Bradford as caricatured by Spy (Leslie Ward) in Vanity Fair, November 1890

In June 1890, Bradford was appointed to succeed James Monro as Commissioner of Police. His immediate concern was to restore stability after the Black Monday and Bloody Sunday riots and the resignation of three Commissioners in the past two years. He was an ideal choice. His military background gave him authority and experience of command (although his personality was generally easy-going), while his experiences in India gave him knowledge of administration, criminal investigation and the workings of the civil service. His years in control of the Met were generally peaceful and stable, with the police's standing in public opinion rising steadily. In 1899, crime in London fell to its lowest point in recorded history.
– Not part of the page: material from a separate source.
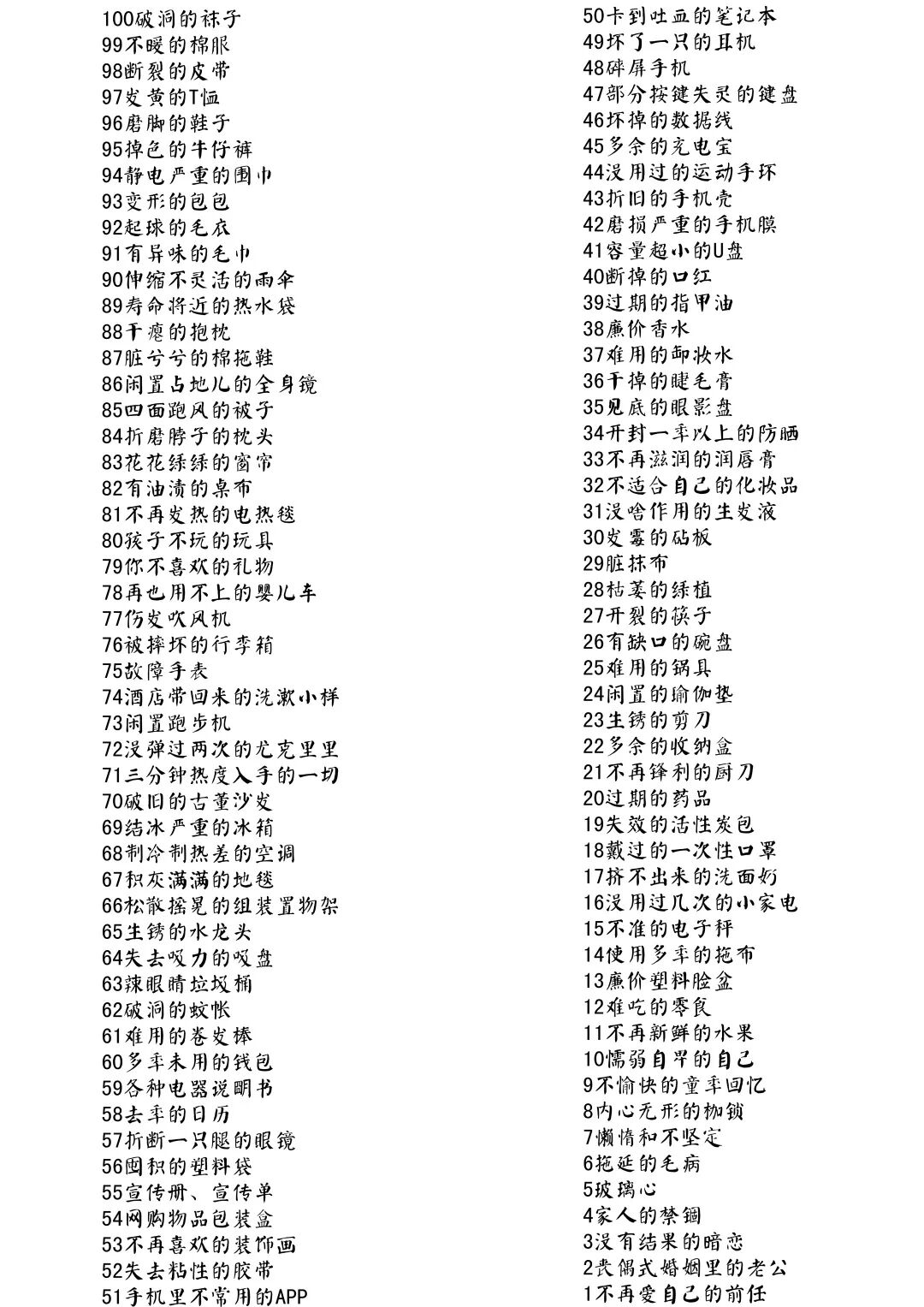 九点馆子||久点伴0111第三十四道菜今日话题:#最想扔掉的一样东西# 考完试了,课本扔了吗? 接近年关,作为一位负责人的家庭主妇,我有项很重要的工作就是整理家务。 某宝上买了各种收纳箱,准备回家收拾屋子的时候发现,家里的破烂之多,远超过我的想象... 读书的时候,沉醉各种整理收纳书籍,《怦然心动的人生整理术》《断舍离》《减法生活》,然而至今仍存留在理论阶段。 每次想扔东西的时候,就会沉醉在,呀这个还有美好的回忆,啊,那个可能过两年还能用到等等各种纠结中,好不容易收拾一下准备送去捐赠的衣服,临门一脚又会被我老妈拦下... 前两天看到了要扔掉的100样物品,在物质积累和过剩的现在,究竟何时可以去过上没有囤积,轻松愉快的生活呢?先从#最想扔掉的一样东西#开始吧! 留言请加话题#最想扔掉的一样东西#

Bradford successfully settled the police strike of 1890, days after he took up office, and resisted the efforts of the new London County Council to take over his force from the Home Office. He visited every one of his police stations and talked and listened to his men, becoming the first Commissioner to do so. He varied the beats to ease the tedium of patrol duty and attempted to improve the educational standard of new recruits. He built more police stations and improved the quality of the section houses, ensured that all stations were linked by telegraph (although he disapproved of some other new technologies, such as telephones and typewriters, and would not introduce them), extended the use of bicycles, encouraged sporting activities among his men, and introduced a lighter summer uniform.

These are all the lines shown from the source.